[GIVEN DATA — start]

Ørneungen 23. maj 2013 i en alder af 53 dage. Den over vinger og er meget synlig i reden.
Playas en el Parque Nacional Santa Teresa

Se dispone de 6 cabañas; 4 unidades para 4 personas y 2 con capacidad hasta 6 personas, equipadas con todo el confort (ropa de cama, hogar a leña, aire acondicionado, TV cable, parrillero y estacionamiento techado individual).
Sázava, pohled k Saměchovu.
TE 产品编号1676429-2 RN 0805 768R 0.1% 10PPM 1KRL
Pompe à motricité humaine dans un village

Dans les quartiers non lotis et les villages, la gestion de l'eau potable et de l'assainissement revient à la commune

[GIVEN DATA — finish]
[GIVEN DATA — start]

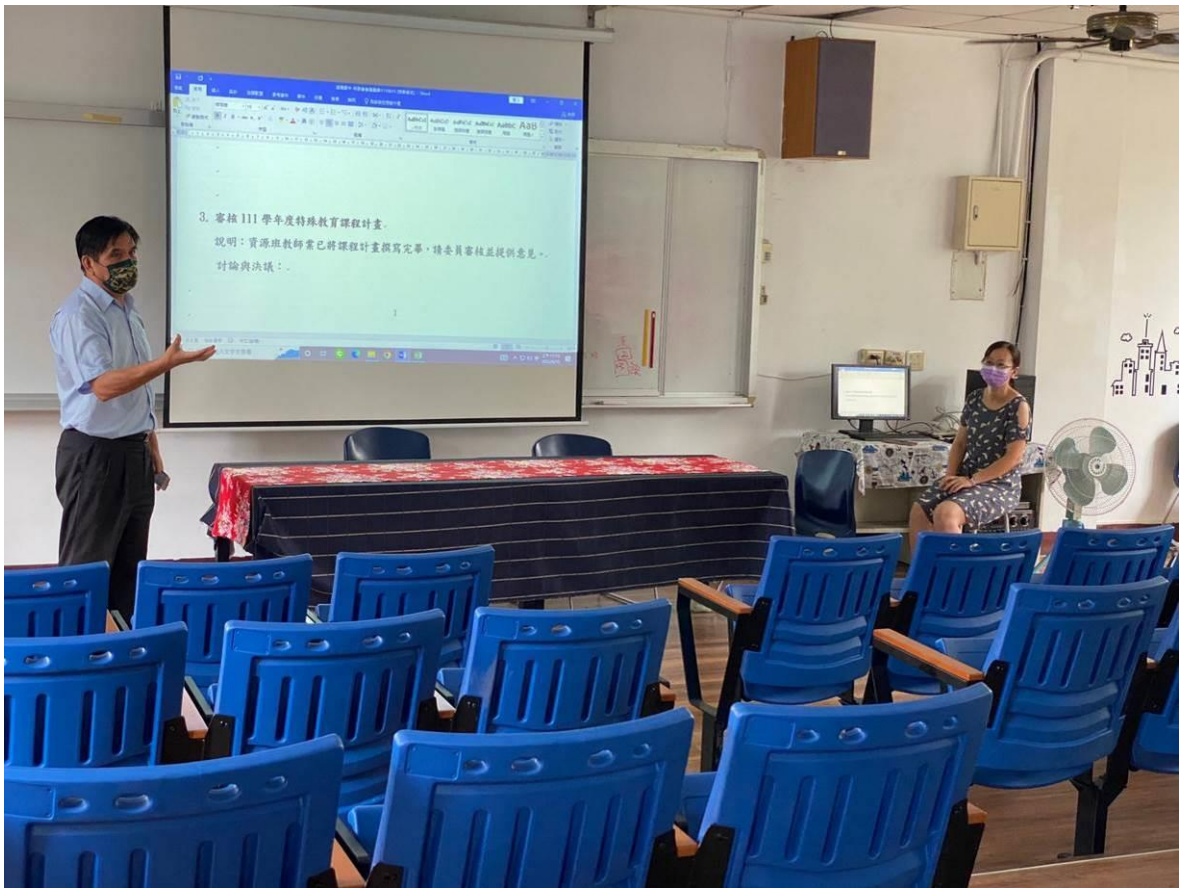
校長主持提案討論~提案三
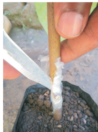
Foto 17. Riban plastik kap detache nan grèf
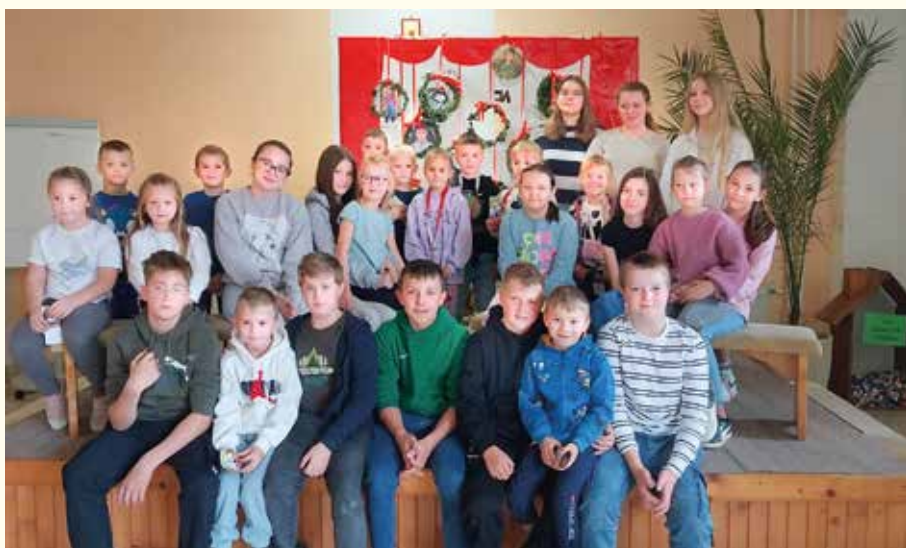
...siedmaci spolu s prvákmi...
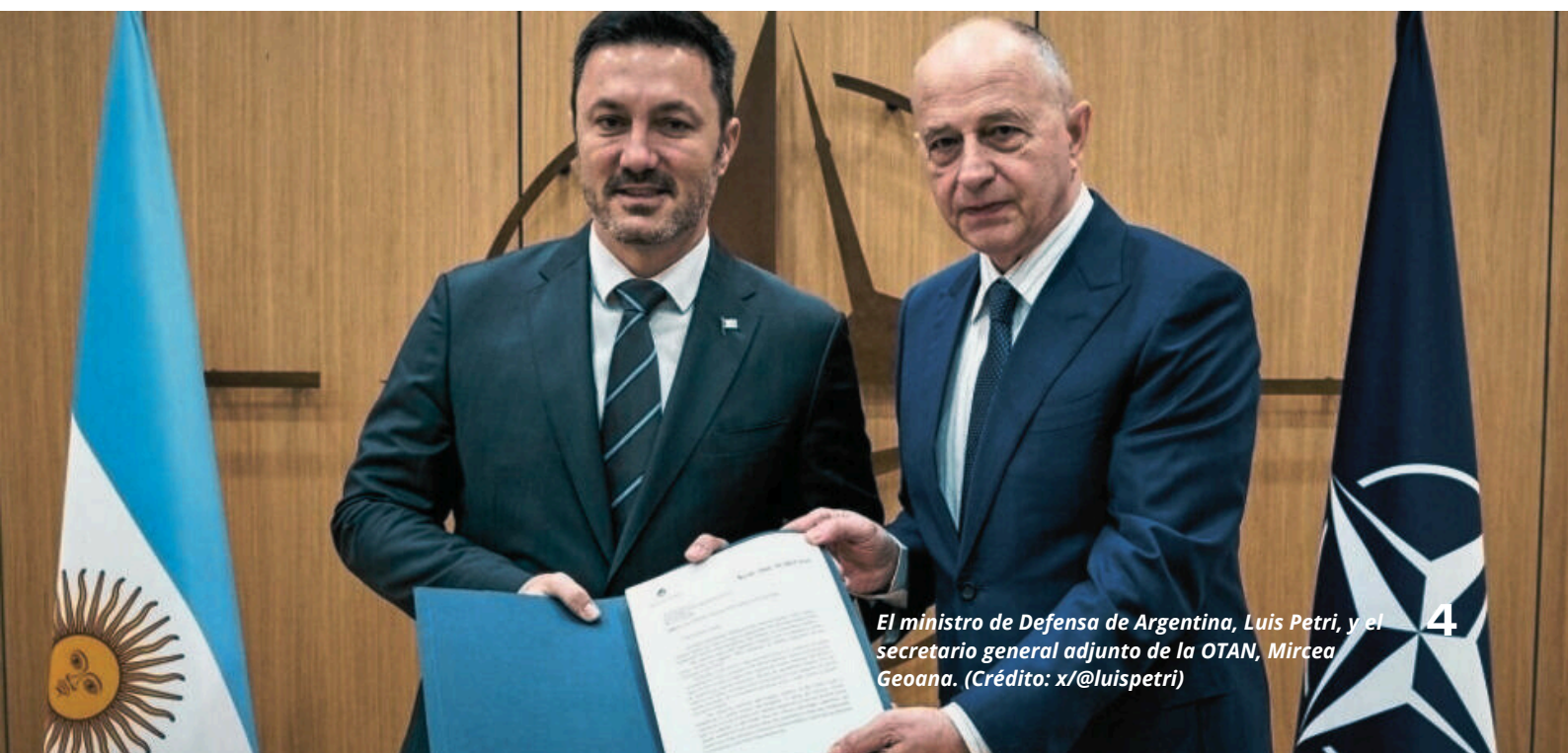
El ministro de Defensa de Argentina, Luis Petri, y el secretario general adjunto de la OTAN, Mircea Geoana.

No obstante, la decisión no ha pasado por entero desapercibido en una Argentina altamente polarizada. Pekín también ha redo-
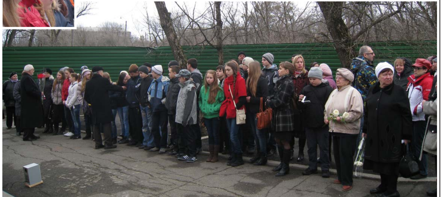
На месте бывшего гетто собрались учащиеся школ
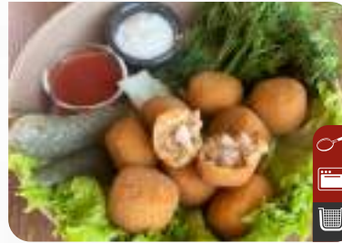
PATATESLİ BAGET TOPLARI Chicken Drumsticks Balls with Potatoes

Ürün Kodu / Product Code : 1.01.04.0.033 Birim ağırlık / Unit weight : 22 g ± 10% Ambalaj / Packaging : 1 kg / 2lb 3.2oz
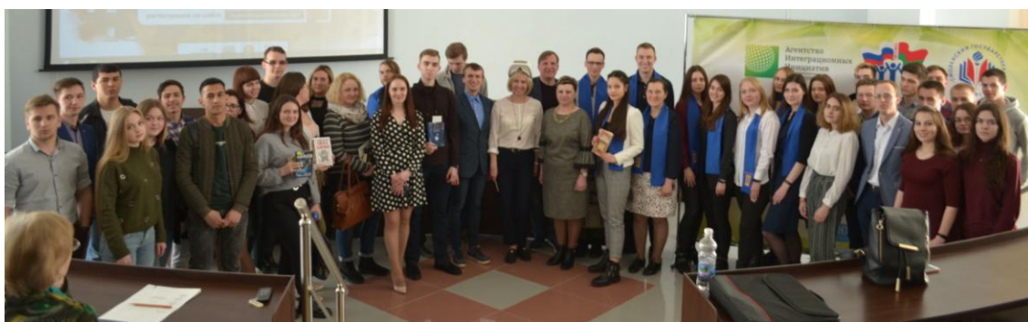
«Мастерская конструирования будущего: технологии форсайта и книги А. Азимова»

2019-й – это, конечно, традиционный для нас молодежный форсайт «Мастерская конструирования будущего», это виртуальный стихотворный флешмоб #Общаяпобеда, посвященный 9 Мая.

[GIVEN DATA — finish]

EXERCISE INSTRUCTIONS ->
In the data above, start at the line that has "Sázava, pohled k Saměchovu.", stop after the line that has "Dans les quartiers", and print every line in between exactly as it stands.

ANSWER BELOW ->
Sázava, pohled k Saměchovu.
TE 产品编号1676429-2 RN 0805 768R 0.1% 10PPM 1KRL
Pompe à motricité humaine dans un village

Dans les quartiers non lotis et les villages, la gestion de l'eau potable et de l'assainissement revient à la commune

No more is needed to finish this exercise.